Enfin, tandis qu’il garantit l’accès à l’information, l’Article 20 du projet de Chapitre spécial sur la réglementation des médias exclut l’information qui « concerne la sécurité militaire », ce qui dans les faits permet à l’armée de jouer un rôle dans l’imposition de la censure.
Les membres du TMG de l’IFEX réitèrent leur préoccupation que la liberté d’expression doit être pleinement protégée dans la nouvelle Constitution, et qu’il ne doit y avoir aucune réserve susceptible de tirer la Tunisie vers l’arrière. En juillet, le TMG de l’IFEX a publié un rapport comportant un ensemble complet de recommandations sur la liberté d’expression, la liberté d’association et l’indépendance de la magistrature. Consulter le rapport Du printemps à l’hiver? Réalisations précaires et défis exceptionnels pour les défenseurs tunisiens de la libre expression.
Le TMG de l’IFEX invite les autorités tunisiennes et l’Assemblée constituante à :
• Garantir dans la Constitution la liberté d’expression, l’indépendance des médias et l’accès à l’information, y compris en ligne, et garantir l’indépendance des médias de service public.
• Adopter de nouveau le Décret 2011-115 (également connu comme le nouveau Code de la Presse), qui garantit la protection des journalistes contre le harcèlement et qui abolit les peines de prison pour diffamation criminelle et un certain nombre d’autres délits touchant l’expression; ce qui signifierait donc que le Décret 115 a préséance sur toutes les dispositions antérieures et pertinentes ou sur les lois, en particulier sur le Code de la presse de 1975.

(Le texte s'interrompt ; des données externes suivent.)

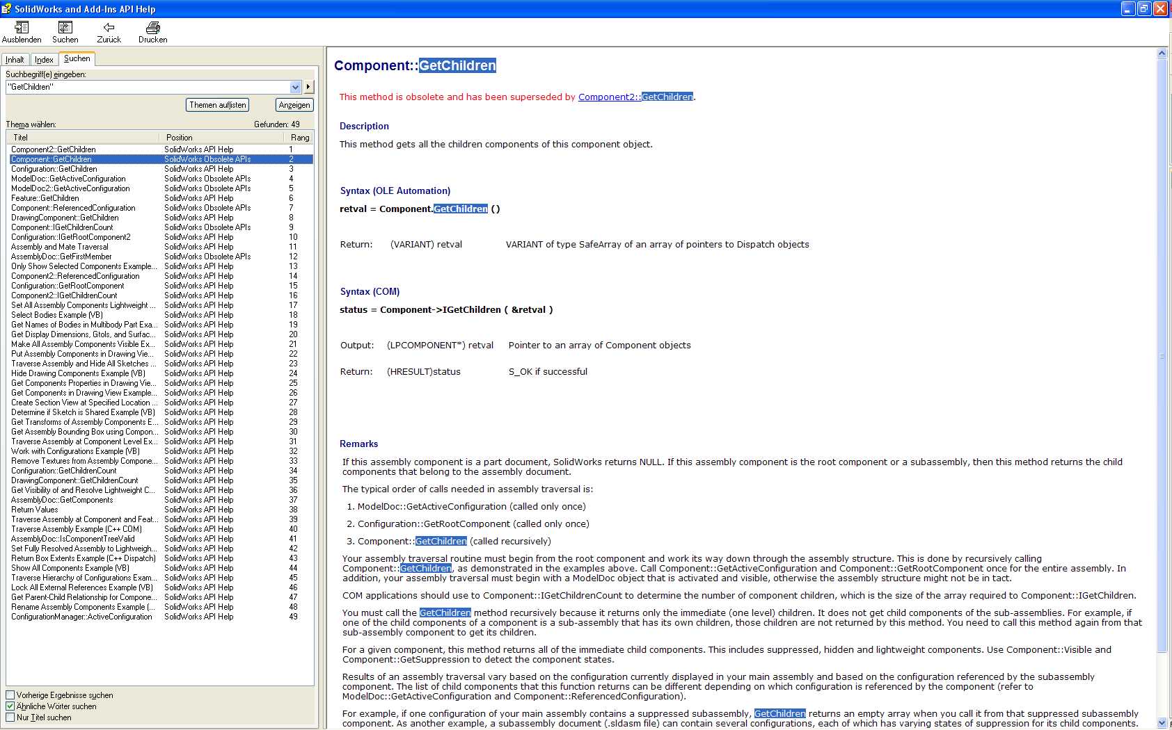 Öffne in SolidWorks die Hilfe -> API-Hilfe und suche nach "GetChildren". Was siehst Du?

• Adopter de nouveau le Décret 2011-116, qui jette les bases d’une nouvelle presse électronique indépendante grâce à la création de la Haute Autorité indépendante pour la Communication audiovisuelle (HAICA).
• Retirer le projet de réglementation des médias et instaurer une réforme plus exhaustive des médias afin que la Tunisie se conforme pleinement à ses obligations aux termes du droit international relatif aux droits de la personne.
• Faire participer pleinement les organismes publics et les organisations de la société civile à titre de membres de l’organisme de réglementation, de façon à représenter tout l’éventail de la société.